- WHAT NEEDS TO BE DONE: An unchanged copy of all the lines below is expected, and it should contain no pictures.

+++ STORED DATA +++

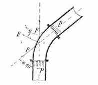 Главная » Учебные материалы » Механика жидкости и газа (МЖГ или Гидравлика) » Решения задач » Несколько классов/семестров » Номер 34 » Колено трубопровода гидроэлектрической станции находится под давлением Н=200 м. Диаметр трубопровода d=1 м; угол между направлениями осей, соединяемых коленом труб составляет θ=60°. Определить равнодействующую давлений на колено (рис. 43).
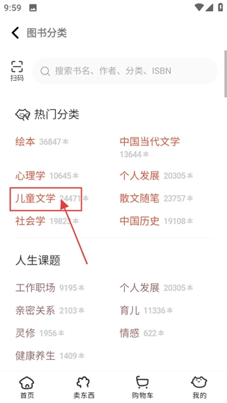 2、在图书分类页面,选择儿童文学分类,进入儿童文学图书页面。
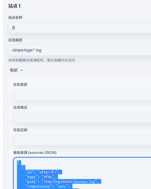 在站点与日志配置:高级来源 (sources JSON)
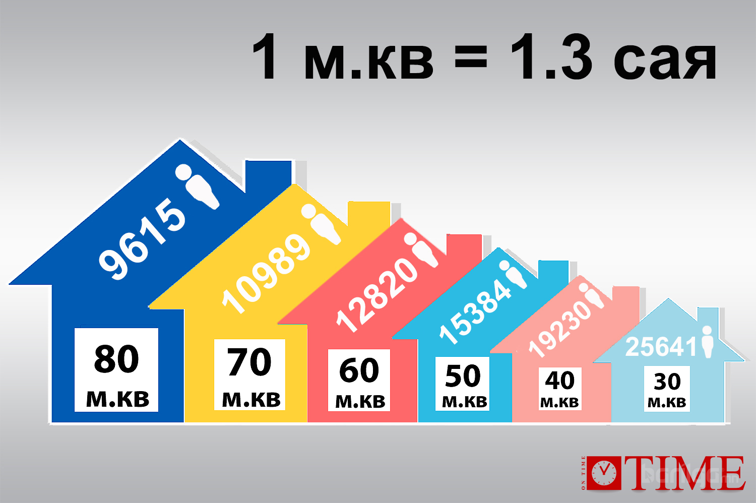 Өдөртөө хэд хэдээрээ нэмэгдэж байгаа барилгуудыг бүгдийг нь энэхүү зээлээр өгөх боломжгүй. Нөгөө талаас эрэлтээ тооцсон ч орон сууц худалдан авч буй бүх хүн хөтөлбөрт хамрагдахгүй нь ойлгомжтой. Хөгжлийн банкнаас 200 тэрбум төгрөгийн зээлийн баталгаа гаргах шийдвэр гаргасан. Энэхүү мөнгөөр хэдэн хүн 10 хувийн урьдчилгаа төлөөд ипотекийн зээл авах боломжтойг дунджаар тооцоолъё. Ипотекийн зээлээр борлуулагдах орон сууцны нийт талбай 80 м.кв-аас ихгүй байх учиртай. Тиймээс орон сууцны талбайг 30-80 м.кв-ын хооронд тооцоолов.
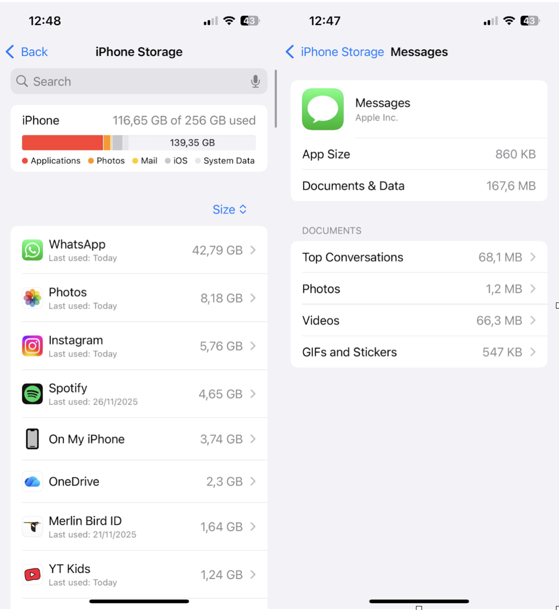 Ustawienia > Ogólne > Pamięć iPhone'a > Wiadomości.
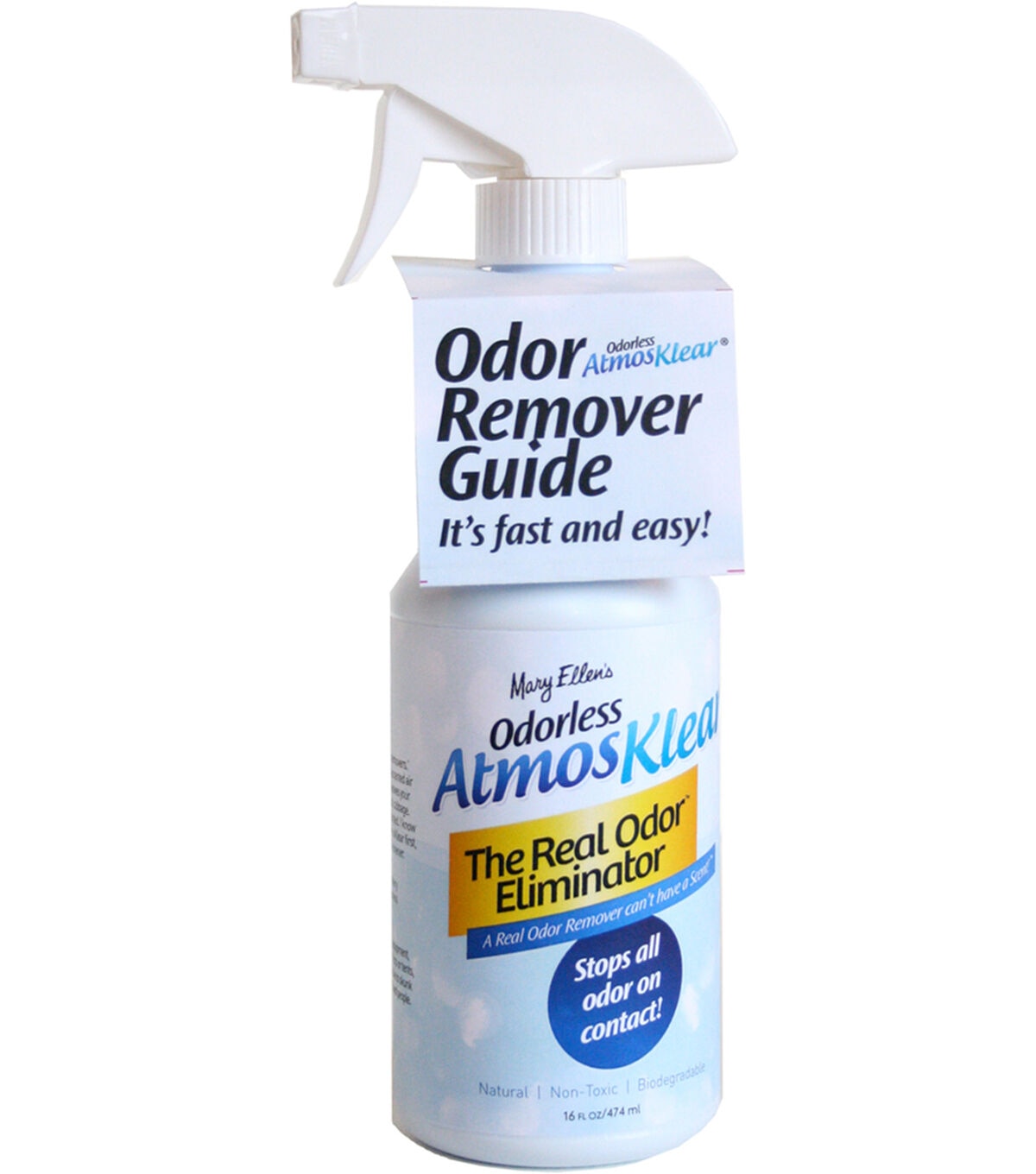 Mary Ellen Products-AtmosKlear Odor Eliminator. This spray is tough on odors, but gentle on the environment! Removes odor on contact. This package contains one 16oz spray bottle of odor eliminator. Non-toxic. Made in USA.

+++

- ANSWER TO THIS TASK:
 Главная » Учебные материалы » Механика жидкости и газа (МЖГ или Гидравлика) » Решения задач » Несколько классов/семестров » Номер 34 » Колено трубопровода гидроэлектрической станции находится под давлением Н=200 м. Диаметр трубопровода d=1 м; угол между направлениями осей, соединяемых коленом труб составляет θ=60°. Определить равнодействующую давлений на колено (рис. 43).
 2、在图书分类页面,选择儿童文学分类,进入儿童文学图书页面。
 在站点与日志配置:高级来源 (sources JSON)
 Өдөртөө хэд хэдээрээ нэмэгдэж байгаа барилгуудыг бүгдийг нь энэхүү зээлээр өгөх боломжгүй. Нөгөө талаас эрэлтээ тооцсон ч орон сууц худалдан авч буй бүх хүн хөтөлбөрт хамрагдахгүй нь ойлгомжтой. Хөгжлийн банкнаас 200 тэрбум төгрөгийн зээлийн баталгаа гаргах шийдвэр гаргасан. Энэхүү мөнгөөр хэдэн хүн 10 хувийн урьдчилгаа төлөөд ипотекийн зээл авах боломжтойг дунджаар тооцоолъё. Ипотекийн зээлээр борлуулагдах орон сууцны нийт талбай 80 м.кв-аас ихгүй байх учиртай. Тиймээс орон сууцны талбайг 30-80 м.кв-ын хооронд тооцоолов.
 Ustawienia > Ogólne > Pamięć iPhone'a > Wiadomości.
 Mary Ellen Products-AtmosKlear Odor Eliminator. This spray is tough on odors, but gentle on the environment! Removes odor on contact. This package contains one 16oz spray bottle of odor eliminator. Non-toxic. Made in USA.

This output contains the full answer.